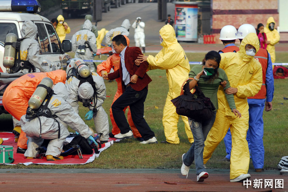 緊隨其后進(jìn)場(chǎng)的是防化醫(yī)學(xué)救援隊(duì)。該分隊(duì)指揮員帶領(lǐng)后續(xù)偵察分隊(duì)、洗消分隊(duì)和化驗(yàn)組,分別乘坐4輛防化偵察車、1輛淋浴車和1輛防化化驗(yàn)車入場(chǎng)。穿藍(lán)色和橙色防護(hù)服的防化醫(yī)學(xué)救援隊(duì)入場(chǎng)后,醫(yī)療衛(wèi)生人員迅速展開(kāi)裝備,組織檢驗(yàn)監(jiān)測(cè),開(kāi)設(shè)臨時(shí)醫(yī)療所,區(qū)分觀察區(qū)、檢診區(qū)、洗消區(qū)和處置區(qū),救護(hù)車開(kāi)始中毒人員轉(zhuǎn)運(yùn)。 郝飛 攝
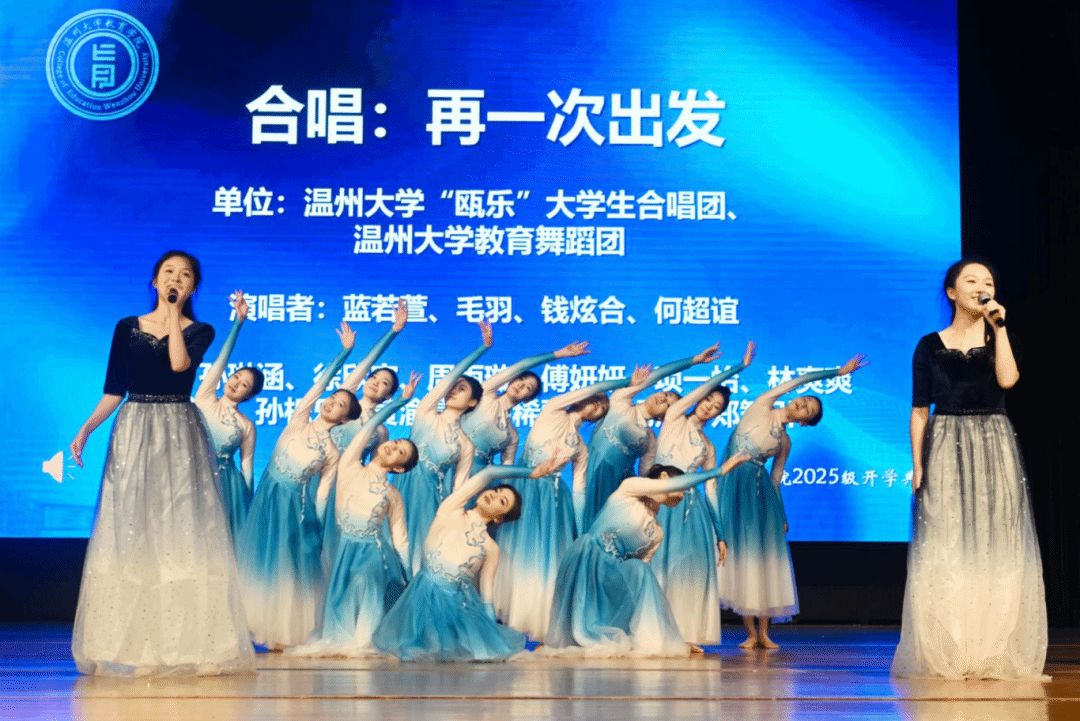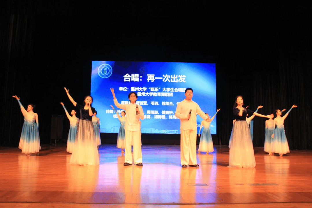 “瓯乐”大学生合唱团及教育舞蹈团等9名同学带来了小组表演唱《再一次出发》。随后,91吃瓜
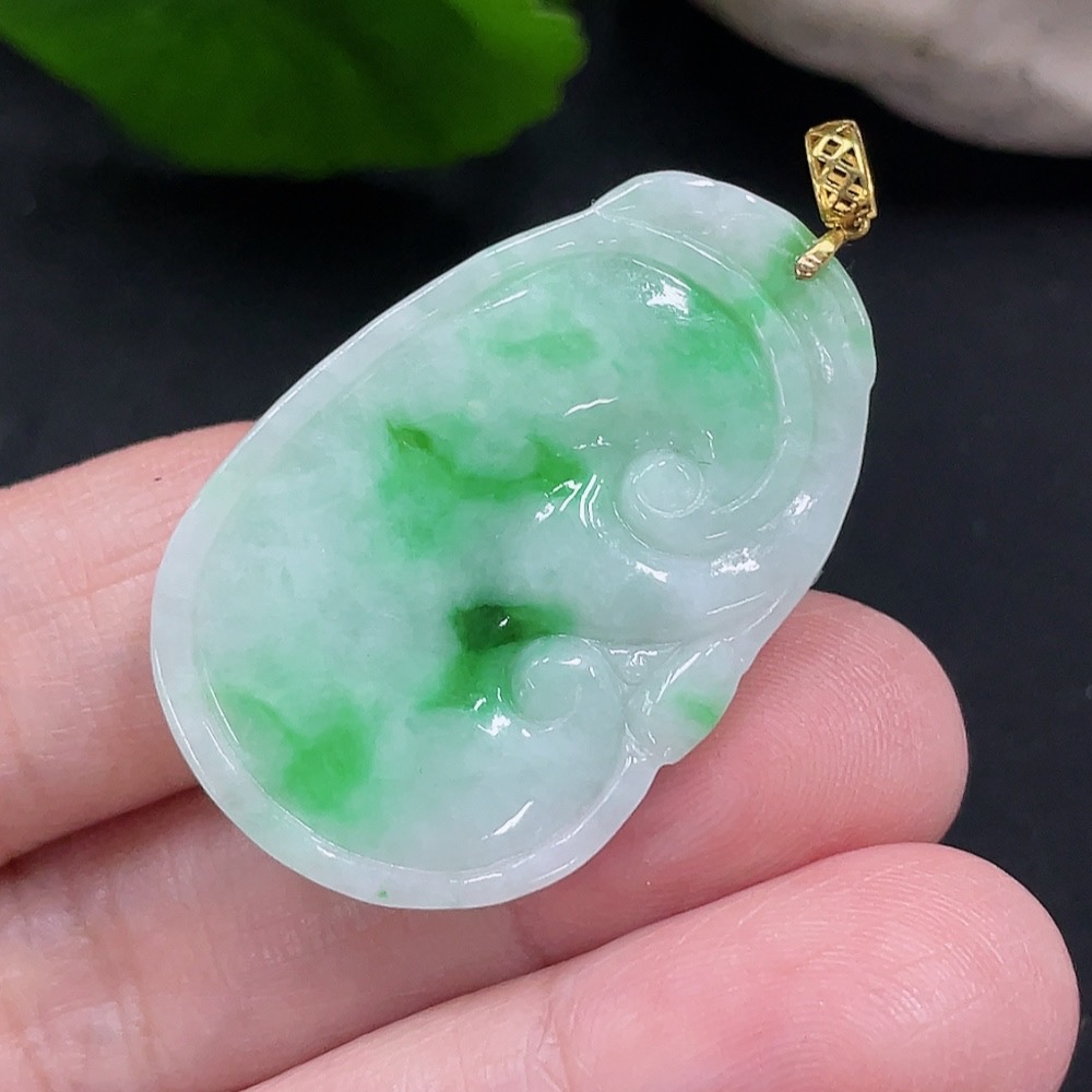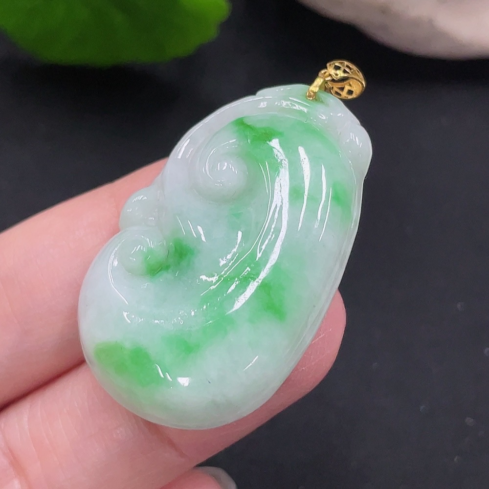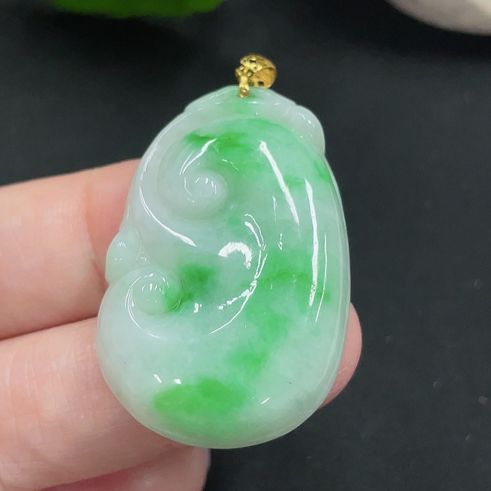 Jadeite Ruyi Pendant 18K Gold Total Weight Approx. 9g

========

● EXERCISE
The answer is the whole listing above, written out verbatim, without its pictures.

● EXERCISE SOLUTION
 緊隨其后進(jìn)場(chǎng)的是防化醫(yī)學(xué)救援隊(duì)。該分隊(duì)指揮員帶領(lǐng)后續(xù)偵察分隊(duì)、洗消分隊(duì)和化驗(yàn)組,分別乘坐4輛防化偵察車、1輛淋浴車和1輛防化化驗(yàn)車入場(chǎng)。穿藍(lán)色和橙色防護(hù)服的防化醫(yī)學(xué)救援隊(duì)入場(chǎng)后,醫(yī)療衛(wèi)生人員迅速展開(kāi)裝備,組織檢驗(yàn)監(jiān)測(cè),開(kāi)設(shè)臨時(shí)醫(yī)療所,區(qū)分觀察區(qū)、檢診區(qū)、洗消區(qū)和處置區(qū),救護(hù)車開(kāi)始中毒人員轉(zhuǎn)運(yùn)。 郝飛 攝
 “瓯乐”大学生合唱团及教育舞蹈团等9名同学带来了小组表演唱《再一次出发》。随后,91吃瓜
 Jadeite Ruyi Pendant 18K Gold Total Weight Approx. 9g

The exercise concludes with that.